“I’m counting on it.”
“It’s that time of year, people,” I said, turning towards the board so that I could write the name of our next unit in blue marker on the white wall. “Paradise Lost.”
My intimate group of IB grade twelve English students actually gave a little cheer, a small burst of applause. I’d only been teaching at the school for a semester but I was already well liked and especially well known for my love of John Milton and his epic poem. The kids had been excited all year to discuss it. I was too. The only damper on my mood was that this was the fourth class in a row that the new student had missed and I wasn’t looking forward to catching him up on an entirely new unit when he did deign to show up.
“Tell us again why Satan is your ultimate book boyfriend,” one of my students, a scrawny but beautiful boy named Benito Bonanno, called out.
The other students snickered.
I braced my hands on my hips and fought against my smile as I faced them. “Benny, you clearly haven’t read the book yet if you have to ask me that.”
“You’re such a dork,” one of the jocks, Carson Gentry, mocked me as everyone laughed again.
It was good-natured though; like I’d said, the kids loved me, mostly because I loved every single one of them.
“I am,” I agreed with a proud wink at Benny, who blushed.

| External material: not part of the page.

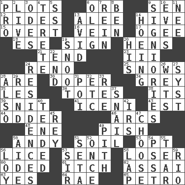 ACROSS 1. Graphs 6. Globe 9. Elected rep. 12. Amusement-park features 13. Toward shelter 14. Hub of activity 15. Unconcealed 16. Distinctive style or manner 17. Double curve, resembling the letter S 18. Compass dir. 19. Signal 20. Coop moms 21. Be inclined (to) 23. One more than two 24. Former U.S. Attorney General Janet 25. Overwhelms 28. "We ___ not amused" (Victoria) 30. Drug addict 34. Jennifer or Joel 35. French article 36. Lugs 38. It is 39. In a ____ (agitated or irritated) 41. Ancient Celtic tribe of eastern Britain 43. Eastern Standard Time (abbr.) 44. More peculiar 46. Curves 48. Compass dir. 49. Expression of disdain 50. Actor Griffith 51. Earth 53. Choose 56. Louse (plural) 57. Posted 58. Failure 60. Wrote a lyric poem 61. Hankering 62. Slender Brazilian palm 63. Consenting reply 64. Actress Charlotte 65. Stone: prefix DOWN 1. Adept person 2. Not recorded 3. Lyric poems 4. Cylindrical with tapered ends 5. Fast jet (abbr.) 6. Cassini of fashion 7. It's straight from the horse's mouth 8. Benjamin's nick name 9. Seigniories (variant) 10. Nights before holidays 11. Born 13. Enthusiastic 14. Cultivating 19. Snout, nose 20. Part of HMS, perhaps 22. Conclude 24. Homes 26. Moistens 27. System (abbr.) 28. In addition 29. Tear apart 31. Luau course 32. And so on (abbr.) 33. Portuguese money of account (variant) 37. Slow-paced one 40. Watched over 42. Big collection agency 45. Marina Del _, California 47. Elect 49. Essential or central part 50. Assistant 51. Bristle 52. Single time 54. Inconspicuous attention getter 55. Pull into pieces 56. Myrna of the movies 57. Title for a knight 58. Pet locale 59. _ de Janeiro

“Never seen a dork look that good in a skirt before.”
I frowned, ready to scold the unfamiliar voice, possibly a visiting parent, for demeaning me in front of the kids but when I turned to face the man who spoke, I choked on my reprimand.
As in, I literally choked. Tears welled in my eyes as I started coughing harshly into my hand but I could still make out the blurry outline of a tall, lean as a whip, blond man in front of me.

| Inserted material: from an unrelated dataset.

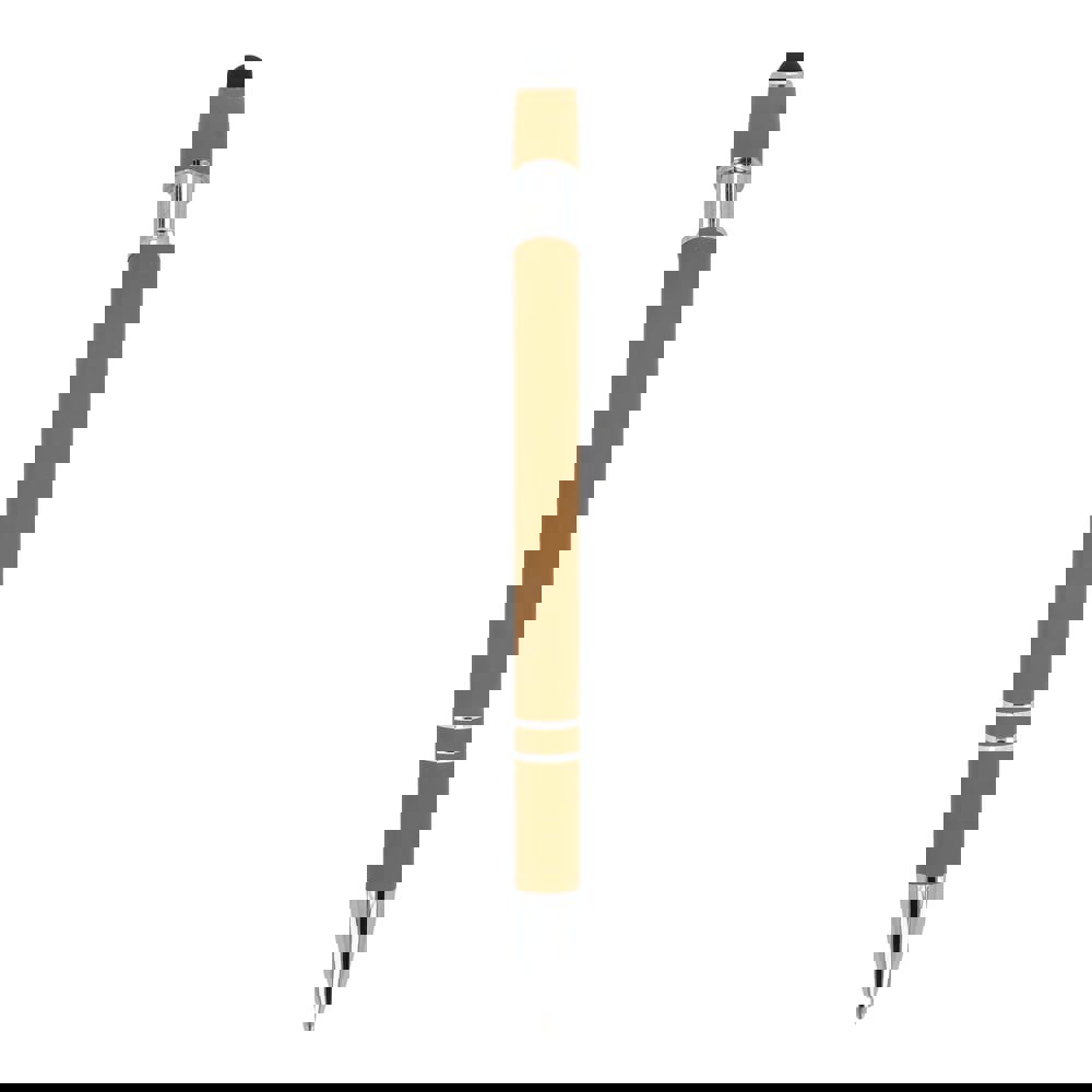 Aluminium balpen met elegante soft-touch afwerking en stylus. Met een solide metalen clip. Schrijfkleur: blauw.

I prayed with more piety than I had ever before possessed that the man in front of me was not the blond king.
Carefully swiping under my eyes so I didn’t disturb my eyeliner and mascara, I blinked slowly and focused harder.
God, it was him.
King stood in the door frame, his long body leaning against the jam with his hands in the pockets of the black trousers, a charcoal grey sleeves hoodie pull just tightly enough across his obviously muscled chest. His hair was a riot of sexy rumpled waves, little curls pushed behind his ears that I wanted to wrap around each finger of my hand. It was his eyes, though, which held me arrested. They were a bright and pale blue, so light they seemed to glow like burnished steel. The lazy confidence in his stance did not reflect in those hazardous eyes. Instead, they were sharp with intelligence, creased at the corners in a sexy squint that was born of wicked intent.

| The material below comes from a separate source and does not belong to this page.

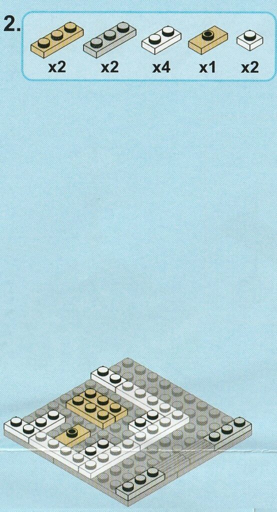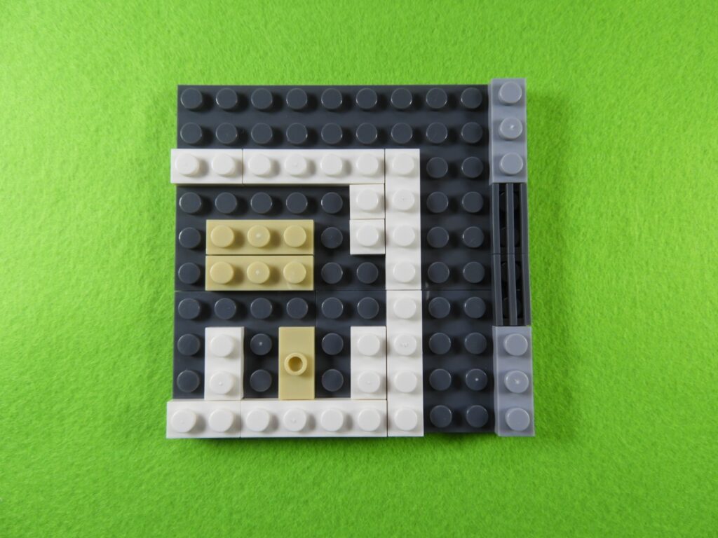 2.上記で組み立てたブロックを取り付け、ベージュブロック2個は正面両脇の黒ブロックの上にのせると工程11番は完成です。

I stood there and stared and stared and stared.
Truly, I could not fathom doing anything else, even with a class full of students baring witness, even with my scolding words cooling and forgotten on my tongue.
It could have been the impossibility of seeing him in my classroom but I knew the truth of my stupefaction.
He was just too beautiful to bear.
Fortunately, it seemed the rest of the class thought so too.
“Are you an angel?” one of my favorite students, a curly haired and pimply-faced Margaret asked earnestly.
It spoke to the class’ serious interest in the newcomer that no one laughed at Margaret’s ludicrous question.
King’s lush mouth curled on the left side of his face, cutting something like a dimple but manlier into his cheek.
There was a collective sigh from every female in the room. Shamefully, that included myself.
“I’m no angel, doll,” he said to Margaret and even though his words should have been contrived, his combination of bad boy aura and the genuine kindness that shone in his eyes as he stared at the mortified girl, made it possible for him to pull it off.
“I beg to differ,” Talia, one of the popular girls, muttered.
Her posse giggled.
“Okay,” I said, finally snapping out of it. “Angel or not, may I help you with something?”
I was teasing him. We’d gone to dinner at Pourhouse in Vancouver the night before and it had been awesome. I loved riding on the back of his bike even though it totally wrecked my hair and I just straight up loved spending the time with him. He was playful and arrogant in a boyish way that was like catnip to me, but manly in all the other ways that counted, fairly bossy, certainly thoughtful and definitely deviant. We hadn’t done anything more than make out hot and heavy on his bike in my driveway when he took me home but it had been hot in a way I’d never experienced before. As soon as we were parked, he’d turned just enough to lift me and swing me, smooth as if I weighed less than nothing, until I was perched slightly on top and in front of him. Then without hesitation, his hand found its place on the back of my neck, fingers in my hair tight enough to puppet my head to the right angle as he’d kissed me.